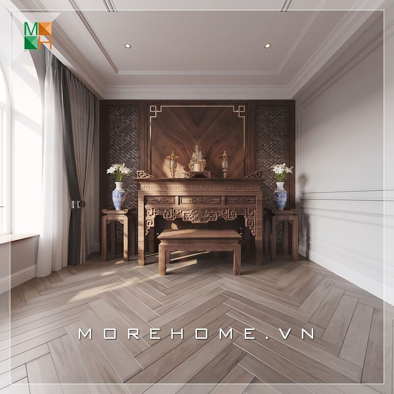 Thiết kế nội thất phòng thờ từ gỗ óc chó cao cấp, sang trọng thể hiện sự thành tâm của gia chủ.
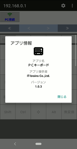 OverFlowメニューの[アプリ情報]をタップし、アプリ情報画面を表示します。
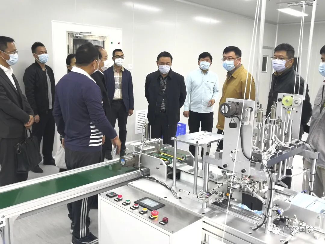 3月7日上午,成人网 主任、党委书记李成,副主任、党委委员王晓昀率相关人员赴增城区中新镇调研广业检测集团下属企业省化纤所口罩生产项目。广业集团党委书记、董事长黄敦新参加调研。
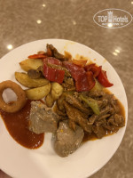 Еда-много))) всегда есть мясо , гарниры, овощи, один день даже суши ))) вообщем всегда и жареная рыба и мясо , и отварное, и детский ресторан, и мороженое у аквапарка- тут оценка 5.
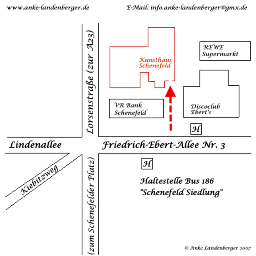 Bus 186 bis "Schenefeld Siedlung" oder Bus 285 bis "Stadtzentrum Schenefeld" Hier können Sie mir eine E-Mail schicken:
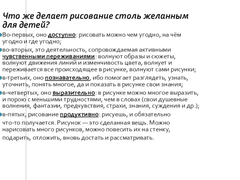 Слайд 4Что же делает рисование столь желанным для детей?
####################
▶ **EXERCISE DETAILS**:
All lines from the one with "OverFlowメニューの[アプリ情報]" through the end of the records above must be reproduced exactly, both ends included, and the pictures must be left out.

▶ **ANSWER BOX**:
 OverFlowメニューの[アプリ情報]をタップし、アプリ情報画面を表示します。
 3月7日上午,成人网 主任、党委书记李成,副主任、党委委员王晓昀率相关人员赴增城区中新镇调研广业检测集团下属企业省化纤所口罩生产项目。广业集团党委书记、董事长黄敦新参加调研。
 Еда-много))) всегда есть мясо , гарниры, овощи, один день даже суши ))) вообщем всегда и жареная рыба и мясо , и отварное, и детский ресторан, и мороженое у аквапарка- тут оценка 5.
 Bus 186 bis "Schenefeld Siedlung" oder Bus 285 bis "Stadtzentrum Schenefeld" Hier können Sie mir eine E-Mail schicken:
 Слайд 4Что же делает рисование столь желанным для детей?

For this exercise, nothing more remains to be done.